If you are using Git/Github as part of your typical workflow (recommended), you’ll have a copy of your code in the “cloud” every time you push to Github.
Manually backup your files to an external hard drive on a regular basis.

1.2.3 Test code often

Test your code by running your script or knitting your R Markdown file often. This will help you catch errors early and it will likely make it easier to troubleshoot the errors.

1.2.4 dplyr and ggplot2

If you are unfamiliar with tidyverse and specifically the packages dplyr and ggplot2, there are two sections in the Appendix that are quick intros of dplyr and ggplot2:

The end of those sections contain links to more in-depth resources.

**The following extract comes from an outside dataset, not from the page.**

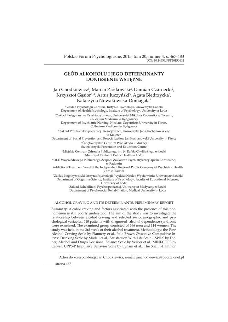 ȱȱ¢£ǰȱŘŖŗśǰȱȱŘŖǰȱȱŚǰȱǯȱŚŜŝȬŚŞř DZȱŗŖǯŗŚŜśŜȦŘŖŗśŖŚŖŘ RXȱ ȱȱȱȱ ȱ9 ȱ £1ǰȱȱàÙ 2ǰȱȱ£2ǰȱ £¢£ȱřǰȱŚǰȱȱ£¢Ú5ǰȱȱ£¢6ǰȱ £¢ȱ ȬÙ7 1 ȱÙȱ¢ȱ ǰȱ¢ȱ¢ǰȱ ¢ȱR࣠ȱȱ ȱ¢¢ǰȱȱȱ¢¢ǰȱ¢ȱȱ£ 2 Ùȱ¿ ȱ¢¢£ǰȱ ¢ȱÙȱȱ ȱǰ Collegium Medicum w Bydgoszczy ȱȱ¢ȱǰȱȱȱ¢ȱȱǰȱ Collegium Medicum in Bydgoszcz ȱÙȱę¢ȱÙ£ȱȱ£ǰȱ ¢ȱȱ ȱ w Kielcach ȱȱȱȱȱȱ£ǰȱȱ ȱ¢ȱȱ ř g ¿£¢ȱȱę¢ȱȱ g ¿£¢ȱȱȱȱ 4 5 ȱȱ ȱ£ ǯȱÙǯȱÙȱ¢Úȱ ȱR£ ȱȱȱȱ ȱȱ£ ȱ à£ȱ£ȱÙȱÙà ȱ¢¢£ȱȱ ȱ w Radomiu ȱȱȱȱȱȱȱȱ¢ȱȱ¢ȱ ȱ Care in Radom 6 7 Ùȱ¢ ¢ǰȱ¢ȱ¢ǰȱ¢£Ùȱȱȱ¢ ǰȱ ¢ȱR࣠ȱȱȱǰȱȱȱ¢¢ǰȱ¢ȱȱȱǰȱ ¢ȱȱ£ Ùȱȱ¢Ù£ǰȱ ¢ȱ¢£¢ȱ ȱR£ ȱȱ¢ȱǰȱȱ¢ȱȱ£ ȱȱȱȱǯȱȱ Summaryǯȱȱȱȱȱȱ ȱȱȱȱȱȱȱȱ¢ȱǯȱȱȱȱȱ¢ȱ ȱȱȱȱ ȱ ȱ ȱ ȱ ȱ ȱ ȱ ȱ ¢ȱǯȱśŗŖȱȱ ȱȱȱȱȱ¢ȱ ȱ¡ǯȱȱ¡ȱȱȱȱřşŜȱȱȱŗŗŚȱ ǯȱȱ ¢ȱ ȱȱȱȱřȱ ȱȱȱȱǯȱ¢DZȱȱȱ ȱ ȱ ȱ ¢ȱ ¢ȱ ȱ ǯǰȱ Ȭ ȱ ȱ ȱ ȱȱȱ¢ȱȱȱǯǰȱȱȱȱȱȮȱȱ¢ȱǰȱȱȱȱȱȱȱ¢ȱȱȱǯǰȱȬȱ¢ȱ ǰȱȬȱȱȱȱ¢ȱ¢ȱȱǯǰȱȱȬ ȱ ȱȱDZ ȱ £ǰȱȬǰȱ £ȓ£ǯǯ strona 467 ȱȬ ǰȱȱȃȄȱȱȱȬşŖȱȱ¢ȱȱ ȱ ǯǰȱ ȱ ¢ȱ ȱ ȱ ǯǰȱ ȱ ȃȄȱ ¢ȱ £ȱ ȱ ȱǯȱDZȱȱ ȱȱ¢ȱ ȱȱ ȱȱ ȱȱȱȱ ȱȱȱȱ¢ȱȮȱȱȱȱ ȱǻǼǰȱȱȱȬȱȱȱȱ ǰȱȱȱȱǰȱȱȱȱǻǼȱȱȱ ȱ ǯȱ ȱ ȱ ¢ȱ ȱ ȱ ȱ ȱ ȱ ȱ ȱ ȱ ȱ ȱ ǯ Key wordsDZȱȱǰȱȱ Wprowadzenie ȱ £ȱ Úȱ ȱ £Čȱ Ùàȱ ȱ Čȱ £ȱ £¢ȱ àČ¢ȱ¢ȱ£Čȱȱ£Č¢ȱ£ȱ££¢ȱ ȱ£Čǯȱï°ȱ ǰȱČȱÙàȱ ¢¢ȱȱ ïàȱ à ȱ¢£¢ȱ £Čȱ£à ȱ ȱ¢ęȱȬŗŖǰȱȱȱȱȱǻÙ ǰȱǰȱ ŘŖŗŖDzȱ¢ȱȱǯǰȱŘŖŗŘǼǯȱȱ££ȱ¿ȱÙȱ ȱ£ȱ£Čȱȱȱ £ ÙȱČȱ ¿ȱȱ ȱÙ ȱȱ ȱ ¢¢ȱ£ȱ£ȱȱȱȱǻȱȱǯǰȱŗşśśǼǰȱȱȱ ¿ȱČȱ£¢£¢°ȱǰȱČȱ ¢¢ȱ ȱŗŞşşȱȱ¿£ȱę¢ȱȱ£Ùȱ ȱȱ¢ǰȱ ¢ȱ ¢ °ȱÙàȱȱǻȱȱǯǰȱŘŖŖśǼǯ £ ȱ Ùȱ ȱ ȱ £¢ïȱ £¢ȱ Ȯȱ ȱ £ȱ £ȱ ȱï £ȱȱ ȱȱȱȱȱȱ£Ú£ȱ ¿£ï°ǰȱȱśŚȬŝřƖȱ £Č¢ȱà ȱǻǯǯȱǰȱŘŖŖŖDzȱǰȱǰȱǰȱŘŖŖŜDzȱ£ȱ ȱ ǯǰȱ ŘŖŗŖǼǯȱ ȱ à Čǰȱ Čȱ ¢¿ ȱ Ùȱ ¢£ȱ ££ȱ £ £ȱ£ȱ ȱǰȱȱČȱ¢¢ȱ ȱ£Čǰȱà¢ȱČȱ °ȱ¿ȱ ȱȱÙȱȱ¢ȱǻǯǯȱȱȱǯǰȱŗşşŜDzȱ¢ȱȱǯǰȱ ŘŖŖřDzȱĴǰȱ¢ǰȱŘŖŖŚDzȱȱȱǯǰȱŘŖŖśDzȱȱȱǯǰȱŘŖŖşDzȱ £ǰȱ ŘŖŗŚǼǯ ȱ££ȱȱÙȱȱ£à ȱ ȱȱ£Čǰȱȱ ȱ£ȱȱ£ȱ£¢¢ ȱ¢ǰȱ££ȱÙȱ£ȱ£ ȱ ȱ¢ȱ£ ȱ¢Ùȱ£ǯȱ£ȱȱȱȱȱ ȱȱŘŖȱǰȱȱ ȱȱČȱ ȱ£¿£ȱ £ȱ ǻǯǯȱǰȱŗşşşDzȱȱȱǯǰȱŘŖŗřǼǯȱ¿£¢ȱ¢ȱ£ȱȱ£¢£¢¢ȱ£ ¢ȱ ¢ȱÙȱ£ȱïǰȱČȱȱ¢ęȱȱȱÙȱ£ǯȱǰȱ ¢ȱ£¢ȱ£ȱȱ££ǰȱÙȱ£Ùȱ¿ȱȱ ¢¿ȱ£ǰȱȱ ȱ£ȱ£ȱ°ȱČȱ ȱȱÙȱ ¢ȱ¿ȱȱàČȱ ¢ȱ£ȱČ¢ȱȱȱ ȱǻǯǯȱǰȱǰȱǰȱŗşşşDzȱ¢ȱȱǯǰȱŘŖŖşDzȱ¢ȱȱǯǰȱŘŖŗŖDzȱǰȱǰȱŘŖŗŖDzȱĴȱȱǯǰȱŘŖŗřDzȱ £ǰȱŘŖŗŚǼǯ ȱ£¢ȱȱ¢£ȱȱȱÚȱȱÙȱȱȱǰȱȱ Čȱ£ ¢ȱ£¿£ȱȱȱǯȱȱȱȱ¢ȱę¢ȱÚȱ ¢ǰȱȱČȱ¢ǰȱČȱïȱ £ȱ¿ȱ ¢ ȱȱ àČȱ¢ȱ£ȱȱ£ȱÙȱȱ£ï°ȱ¢ȱà ȱ¢ȱ £¿ȱȱ £¢ȱ¢ȱȱ¢Ùȱ¢ȱ ¢ę ȱȱà ¢ ǯ strona 468 £ȱȱ¢£ȱÙȱǰȱ ȱ£ à°ȱ ¿ȱȱàȱ ȱ ę ǰȱ àȱ Čȱ ȱ ȱ £ȱ £¿ȱ ȱ ȱ ¢ ¢ȱȱ£ ȱǻ£ȱȱǯǰȱŘŖŗŖǼǯȱÙàȱï¢ȱ¢ ȱ£¿ïȱȱ ȱ Čȱ ȱ ǻǰȱ ŘŖŗŖǼǰȱ ȱ ¢£¢ȱ ££¢ȱȱ ȱ£ȱȱȱǻ ǰȱŘŖŖşǼǰȱȱȱȱ£ȱ £¢ȱ£¢ ȱȱǻȬŗŖȱȮȱǯȱÙ ǰȱǰȱŘŖŗŖǼǰȱ ¢ ȱ¢ïȱȱǰȱȱ£ȱ£ȱ£¢ïȱ ¢ȱ £ȱ ȱ Č¢ȱ ȱ ¢ ȱ Čȱ ǻě¢ǰȱ ŗşşşDzȱ ě¢ǰȱ ǰȱ ŘŖŖŖDzȱ ȱȱǯǰȱŘŖŖŝǼǯȱ ȱà Čȱ£ȱ£ ȱïȱÙǯȱȱǰȱȱ£ȱ àÙ ȱǻŘŖŖśǼȱȱÙàȱȱȱČȱȱȱ ¿°ȱ£¢¿ȱǰȱàǰȱïȱȱȱ£ǰȱ ¢ Ùȱ棢£ȱȱ¢£ȱǰȱ £ȱ£ȱ £¢£¢ȱÙǰȱȱ¢ǰȱǰȱ£ïǰȱ¢ ïȱȱǯȱȱȱȱǻŘŖŗŖǼȱȱ¢£ȱÙàȱȱȱ¢ ȱȱȱ ¢ǰȱ £ȱȱ £ ȱ¢£ ȱà ȱ££ȱ ȱ¿ȱǰȱ¢ȱ £ £ȱȱČ ïǯȱȱǰȱ£àČ ȱ¢ ǰȱȱïïȱ £ȱ£ȱ£ȱ ȱï ¢ȱÙ£ȱ ¢ȱȱ Ù¢ ȱȱ¿°ȱ ǻ£¢ Ù¢ ȱ Ǽǰȱ ¿ȱ ǰȱ ¿ǰȱ ȱ £ȱ ǻ¿ǰȱïȱ ǰȱ ¢£ȱï¢Ǽȱȱ ȱ¢£ǯȱ £ȱȱ £ȱ ȱ ¢ ȱ ȱ ȱ ¿ȱ ȱ ¢¢ȱ ¢ïȱ ¢£¢ȱ ȱ £ȱȱ¢¢ ȱ ȱȱ££ȱ£ ȱ¢ǯ £ȱ ¢Č£¢ȱȱȱ¿°ȱÙȱ £ȱȱȱ àȱ¢ǰȱ ȱà¢ȱ££¢°ȱČȱ£ ȱȱǰȱČȱĊȱ¿ȱ ¢ȱǰȱïȱ£ȱ ȱČȱȱ£ȱ ¢¿ ȱ ȱȱȱ ȱ¢ǰȱǰȱ¢¢ȱ¢ïȱ£ȱàČ¢ȱ棢£¢ȱȱ¢£¢ȱ ïǯȱȱ °ǰȱ¿ȱȱ£ ȱ ¿ȱ ȱ£ȱ £ȱ£¢à DZȱ£¢ǰȱ¢ȱȱ£ £¢ȱ £¢£¢ȱ £ ȱ Ùȱ ǯȱ ¢ȱ ¿ȱ ¢ȱ £ǰȱ Čȱ Ùȱ £ȱ ȱ ¢ȱ ȱ £¢à ȱ £ȱ £ ȱ Ùȱ Čȱ °ȱ££ȱ¿ȱȱ¢ȱ ȱ£¢ȱ££ȱ¢ȱ£ ǰȱȱȱ ȱ£ȱȱ£ȱǯ ȱ £ ¢ȱ ȱ £¢ȱ ïȱ Úǰȱ ¿¢ȱ ȱ ££ȱȱ £1ȱ¢Ùȱ£ȱ£Čïȱ¿£¢ȱÙȱȱȱ ¢¢ȱ£¢ȱ¢£¢ȱȱ棢ǯȱȱ£ȱ¢£ǰȱ ȱ¿ȱȱ£ȱ¢ȱ£ȱ ¢£¢ȱȱ£ £à ȱ£ȱ ¢¿ ȱ£Čȱȱǰȱ£ȱ ȱ ¢ ȱ £ȱ £¢¢ ȱ ¢ǯȱ £¿ȱ Čȱ ¢ȱ££¢ȱÚȱȱ ȱÙȱǯȱȱ£ȱȱ £¢ȱ£¢¿ȱ¿°ȱȱ£¢ȱȮȱ£ȱȱ£ ǰȱ£ȱȱ 1 ȱȱ Ùȱ ȱȱȱ £ȱŗŚŗŗŞŖŖŖŖŖśŖǯŖřȱǮ£ ȱÙȱ ȱ££ȱ¢ȱ£Čǯȱȱȱ£¿£ȱȱȱȱ £Ȅȱę ȱ££ȱÚ ȱ¿ȱ£ £¢ ȱà ȱ ¢ǯȱ ȱȱȱǯȱǯȱRȱȱ £ǯ strona 469 £ȱǰȱ ¢ȱ¢£ǰȱ£ȱ¢£ȱ¢ȱ ȱ ȱę£ǯȱ¿¢ȱȱÚȱ ÚȱÙȱ£ ȱ ¢ȱŗǯ 3U]HNRQDQLDL2F]HNLZDQLD – poczucie zadowolenia z Īycia – argumenty za i przeciw piciu 2EMDZ\SV\FKRSDWRORJLF]QH – impulsywnoĞü – anhedonia – natrĊctwa – tendencje samobójcze *áyG 5DG]HQLHVRELH ]HVWUHVHP DONRKROX =PLHQQH VRFMRGHPRJUDILF]QH wiek, páeü, wyksztaácenie zatrudnienie, stan cywilny, posiadanie dzieci, palenie tytoniu, zamieszkanie =PLHQQHGRW\F]ąFHFKRURE\ DONRKRORZHM – gáĊbokoĞü uzaleĪnienia – sytuacje wysokiego ryzyka – wiek rozpoczĊcia picia problemowego – wystĊpowanie zaburzeĔ towarzyszących (psych

1.2.5 Minimal reproducible examples

When asking someone for help in an email, on Slack, on Github, on a discussion board (e.g. stackoverflow.com), etc., use a minimal reproducible example.

Minimal: Use as little code as necessary that still results in the error
Reproducible: provide all code and data necessary so that someone can copy/paste and reproduce the problem on their own machine.

A minimal reproducible example makes it easier for someone to help you, and makes it easier to troubleshoot your own code. It might help an LLM help you also (I haven’t tried this yet).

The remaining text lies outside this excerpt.